Her car wasn’t there.

Stupidly, she walked up the driveway to the street and looked left and right as if it had somehow moved itself in the night. Had it rolled into the backyard? No, she had let the dog into the yard earlier. No Bronco there. She tried to think. Yes, she had definitely driven it home last night, she remembered clearly.

Nikki? Her mountain bike was gone. Anyway, although she bemoaned the fact, Nikki didn’t have a license to drive last time Nina heard. Neither did Bob.

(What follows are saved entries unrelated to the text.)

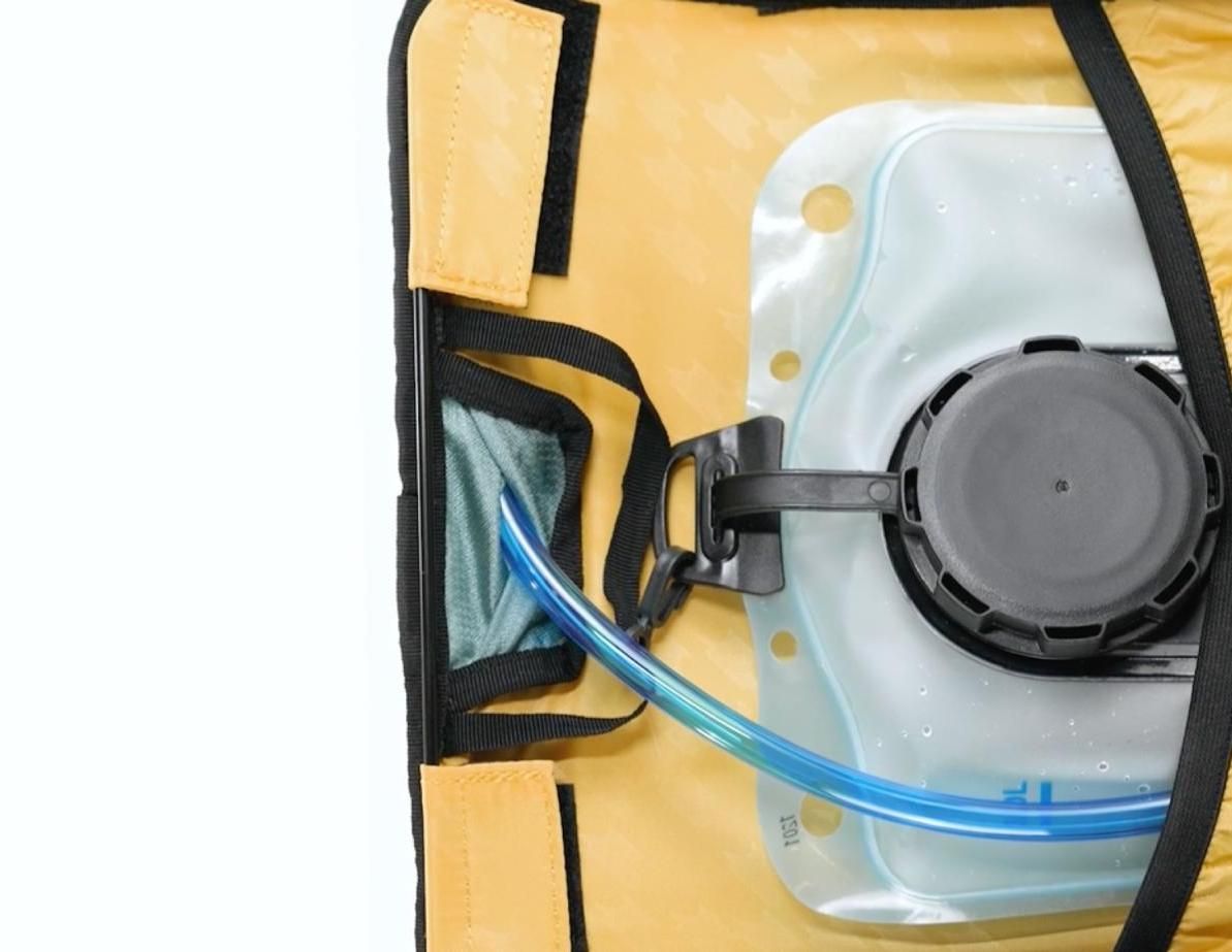 The interior is lined with light-colored recycled nylon, which significantly improves visibility inside the pack, making it easier to locate your gear.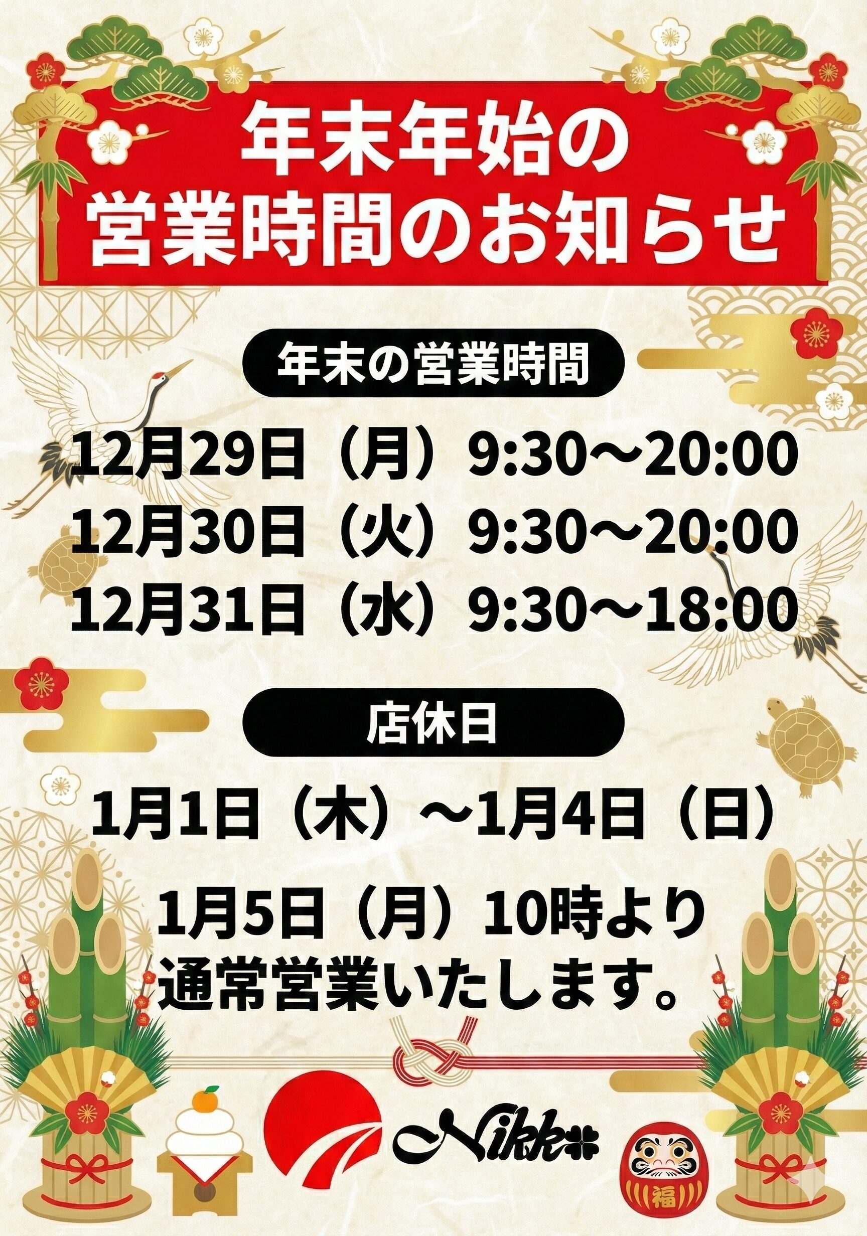 12月31日(水) 9:30 ~ 18:00 ※大晦日は18時までの短縮営業となります。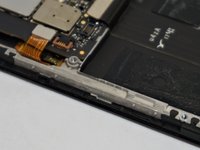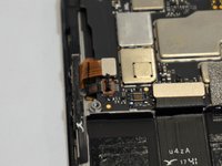 Using a set of tweezers, pull off the small piece of tape on top of the ribbon cable connector on the left side of the motherboard.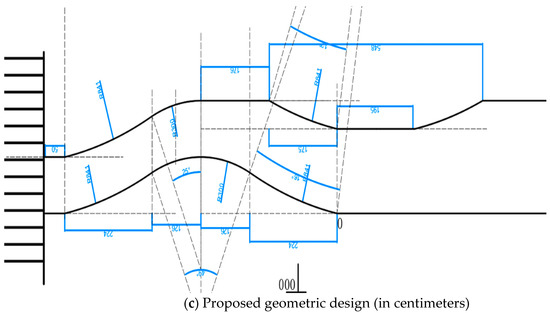 According to the geometry design standards and guidelines, the components of level road geometry consists of straight line, circular curve, and transitional curve. The cycle lane is viewed as an extension of the motor roadway, and the cycle lane’s width is usually lower than the motor vehicle lane [30]. The alignment of the cycle lane is redesigned to use straight lines and circular curves. In particular, the radius of the circular curve can regulate the design speed due to centrifugal force. If the radius is excessively large, the curvy road segment can be shortcut by straight traveling; if the radius is excessively small, the road segment can cause uncomfortable deceleration, even falling from bicycles. Thus, the proposed geometry was drafted by trial and error in the field.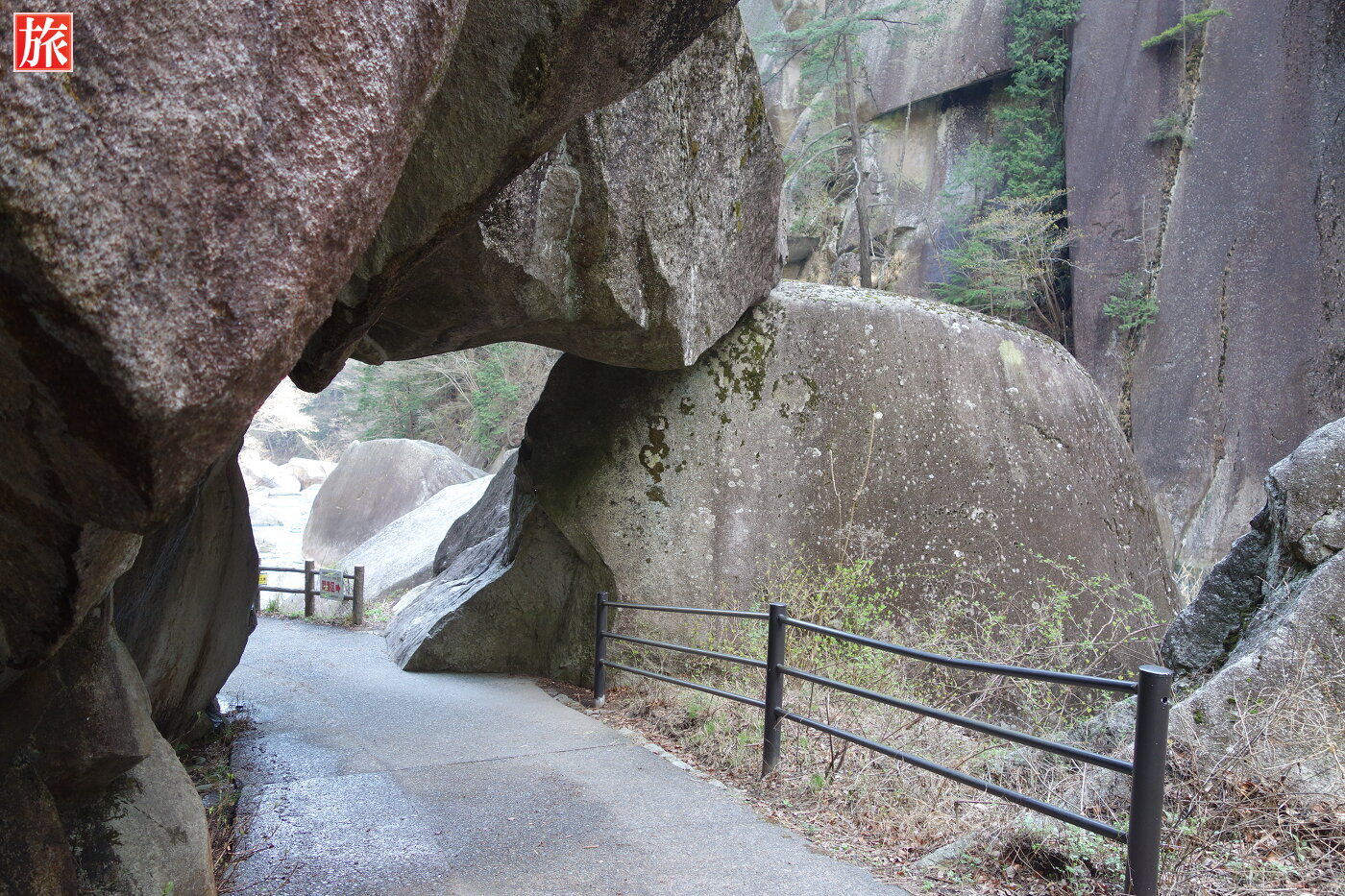 少し下流に下ると巨大な花崗岩に囲まれた「石門」が現れます。先端がわずかに離れ今にもくっきそう・・石門付近から岩肌を見た風景。
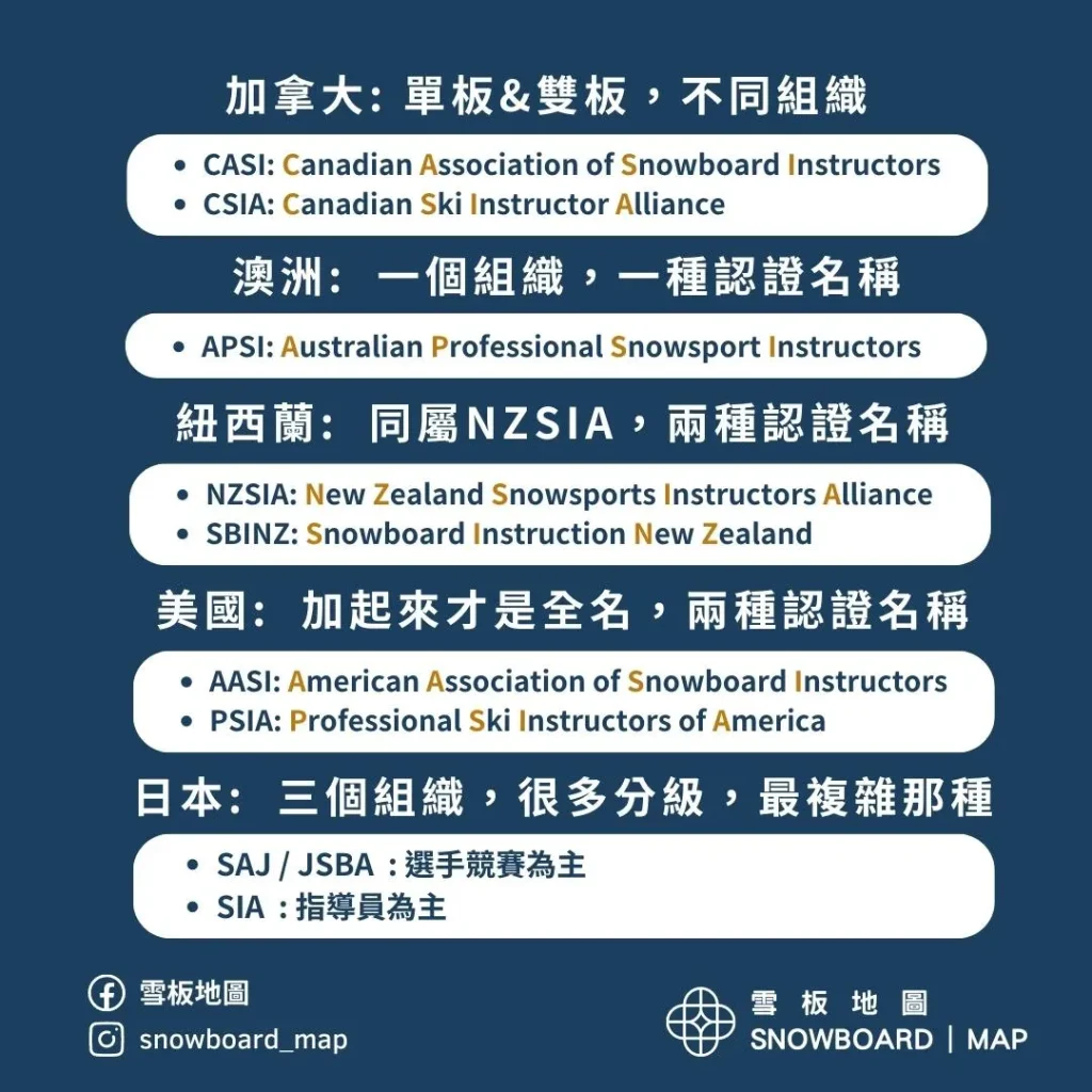 以下是最常看到的滑雪教練證照以及他們的認證組織,包含加拿大、澳洲、紐西蘭、美國和日本的認證機構,以及他們核發的Snowboard單板及Ski雙板教練認證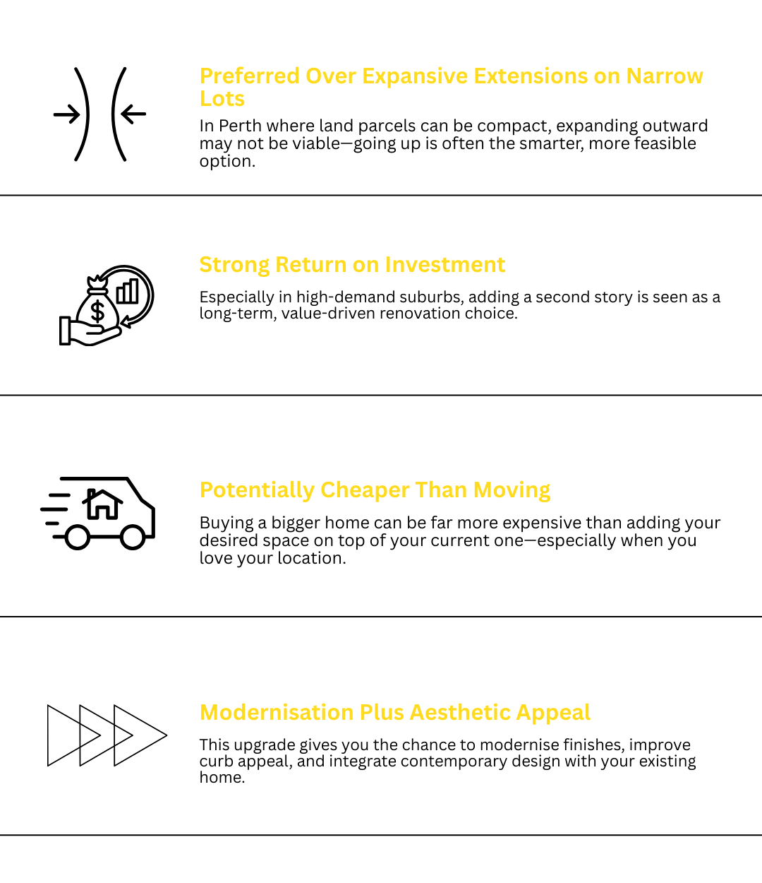 Absolutely. Modular second storeys are popular in Perth for their speed, lower site disruption, and cost predictability.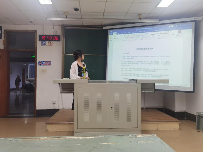 最后,张燕青副书记宣读了研究生四党支部管理规定。该规定结合学院与支部的实际情况,经过四支部支部委员会的讨论与修订形成最终稿件,强调了开会制度、请假制度、生活管理条例、处分条例,大家共同遵守,建设更好的党支部。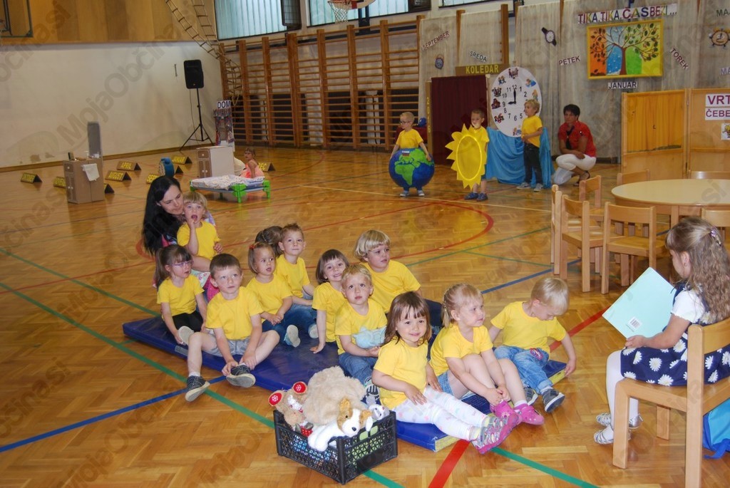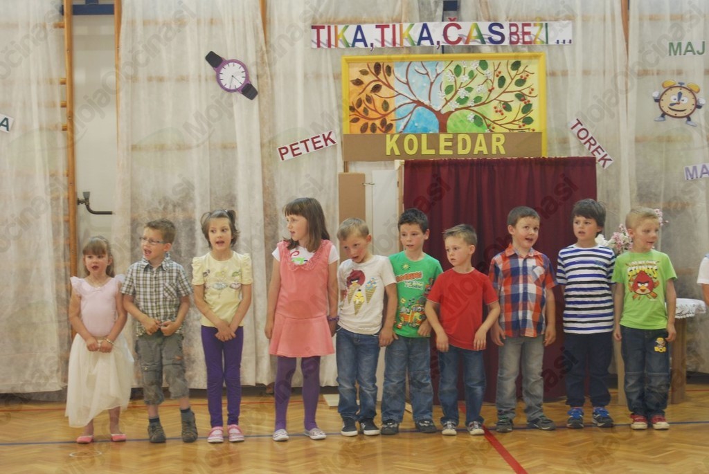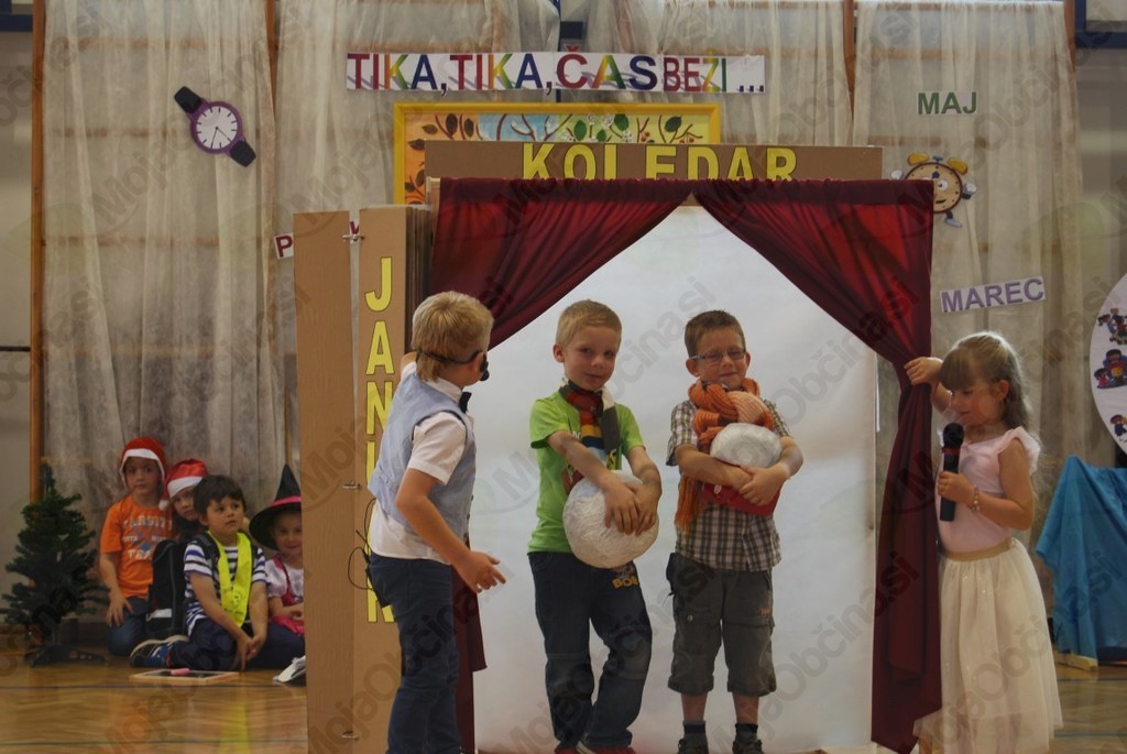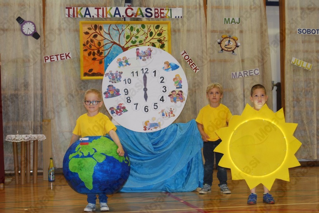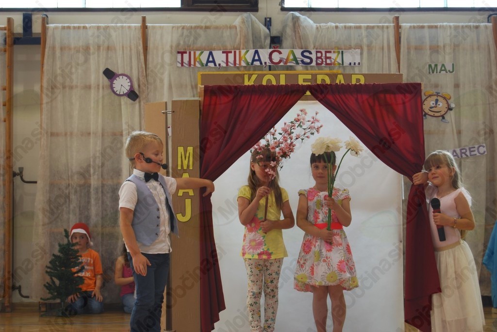 Res beži, še ne dolgo nazaj so nekateri prvič vstopili v vrtec, skupaj premagovali prve korake uvajanja. Pa je že tu konec leta in njihov zaključek. Koliko novega znanja so vsrkale njihove glavice. To so lahko videli tudi vsi obiskovalci na njihovi zaključni prireditvi, »Tika, taka, čas beži…«. Rdeča nit prireditve je bila povezana z njihovim letošnjim prednostnim področjem »Porajajoča se pismenost«. Skozi uro in pol dol program so prikazali, kaj vedo o času, kako se v njem orientirajo in kako uresničujejo cilje iz področja zgodnje porajajoče se pismenosti na področju naravoslovja. Vsaka od skupin je prikazala eno časovno obdobje: dan in ure, dnevi v tednu, meseci v letu in skupna točka letni časi. Od najstarejših vrtičkarjev so se tudi slovesno poslovili.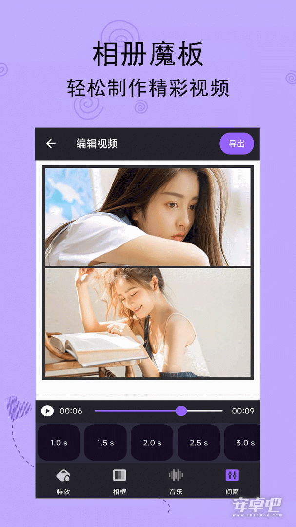可以配上美妙的音乐,加上炫酷的滤镜贴纸,让照片变精彩视频。

The key! The white plastic key still sat in her wallet. But-

A lost vehicle isn’t like a lost dog. You can’t run around the neighborhood calling for it. Some jerk had stolen her truck right out of her own driveway. Nina went back inside and got Bob, who came out to stare in disbelief at the spot where the Bronco usually sat. Then she called the South Lake Tahoe Police Department and her office. Then she remembered the files.

Her heart fell to her shoes. She had definitely locked the truck, she remembered what a hassle it was with that stupid plastic key…

She counted the files in her mind. Three: the Cruz custody battle, the Vangs and their insurance claim, and-oh no, the new one, the campground-murder case, with the sisters, Brandy and Angel.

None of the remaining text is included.